Everything that at once seemed uncanny was becoming funny in a hallucinatory sort of way. I was becoming Dorothy, or Alice, or my mother in a cab. The van was becoming a wormhole to unexpected and embarrassing thoughts. I became self-conscious and stared at my shoes, then out the window at the bland commercial strip. My shoes were… so… beautiful. But where was my secret lover? Hiding behind the speaker at the next drive through?

When I arrived at the store, I was confused, grateful and exhilarated as I watched the van pull away. I had been wandered. And I did not get to keep my shoes (though I managed to acquire some later—I had to). I had already imagined myself stumbling through the supermarket in my exquisite pumps. I was a found pedestrian, and I probably wasn’t that special after all, someone just standing there, really. But wait, RSDS had a record of my journey; the artists had captured it for their archives while I was barely looking. I existed.
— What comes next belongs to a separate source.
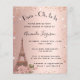 Por favor, note que este convite está no papel de folheto e é muito fino. Os envelopes não estão incluídos. Para convites mais espessos (mesmo design) visite nossa loja. Um convite moderno, na moda e glamouroso para um tema chá de panela e parisiense. Um fundo metálico rosa dourado falso com brilhos falsos e a torre Eiffel com algumas flores. O nome é escrito com um moderno estilo escrito à mão. Personalize e adicione um nome e detalhes da parte.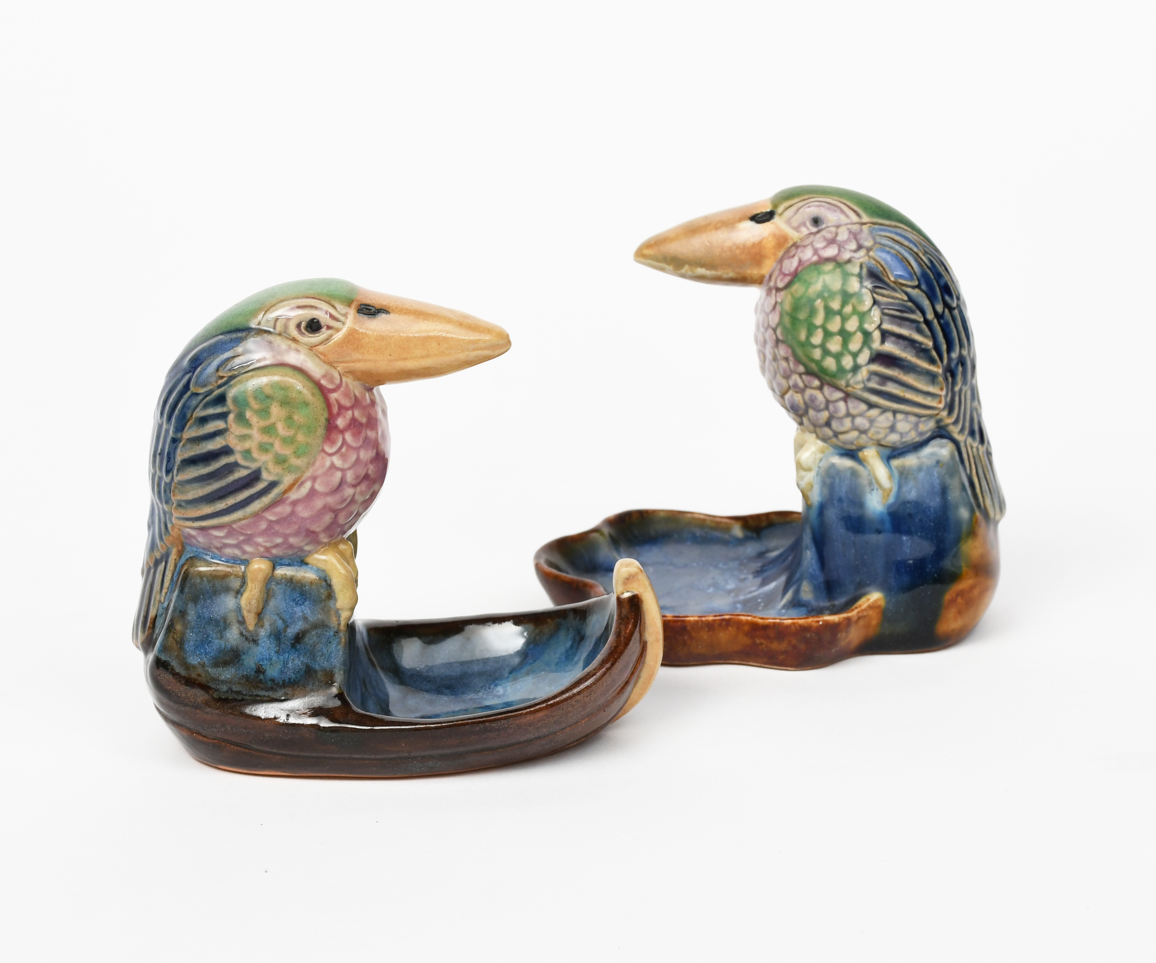 A Doulton Lambeth stoneware Kookaburra bibelot designed by Harry Simeon, modelled perched on a boat, glazed in colours, and another Doulton Kookaburra bibelot, impressed marks, second bibelot restored, 11cm. high (2)

Unless I live in an old-fashioned city, I no longer take the long walk home. RSDS took hold of my physical body, adjusted its costume, and brought me, like an uncharted nation, into the security of geography… They also activated my self-consciousness. Three minutes into the ride and I wanted to be a good girl. There have been times that RSDS knew they were really helping someone by giving them a ride, times they knew someone was afraid, and times the artists got irritated with their inability to cajole someone into the van.
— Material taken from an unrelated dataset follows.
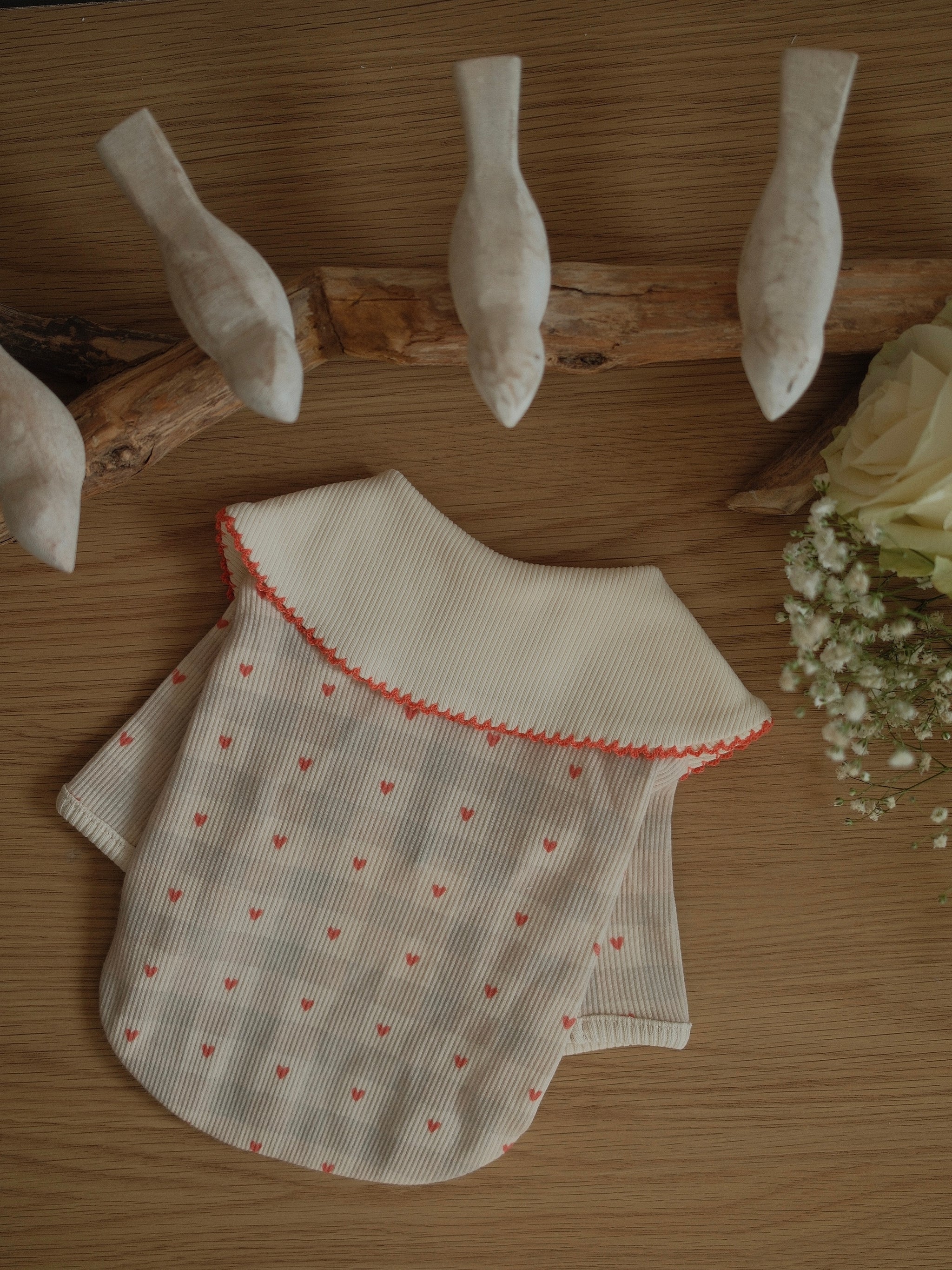 Meet The Lovelette — a timeless blouse for dogs with a soft vintage soul. Featuring an oversized petal collar trimmed in delicate scalloped stitching and finished with a tiny hand-embroidered heart detail, this piece is a love letter to subtle elegance.

It’s a strange thing, wanting to wander people in this car age. Red Shoe, I learned later, often haunts environments in which people are “naturally waiting” around. Sometimes, like fisherman, they open the van doors and bait potential riders with their wares. Ultimately, most of the time, it’s RSDS that wanders the most. It’s a gift, really, because the walking body can only go so far before it stalls against the physical and psychological barriers of the commercial strip, the freeway and the lines that delineate mine from yours. Receding through the windshield, the wandering body is a gaseous mirage illuminated by headlights—gone before it arrives. We stalk ourselves behind the wheel: craving to know, as we push the gas, the pleasure of tired muscles and pulsing adrenaline. We might just have some adrenaline again if we picked up hitchhikers, or tried to convince someone to get in our van.

Frank Booth: You wanna go for a ride?

Jeffrey Beaumont: No thanks.

Frank Booth: No thanks. What does that mean?

Jeffrey Beaumont: I don't want to go.

Frank Booth: Go where?

Jeffrey Beaumont: On a ride.

Frank Booth: A ride? Hell, that's a good idea. Okay, let's go.

Hey, let's go.


Stephanie Snyder is the John and Anne Hauberg Curator and Director at the Douglas F. Cooley Memorial Art Gallery, Reed College, Portland, Oregon.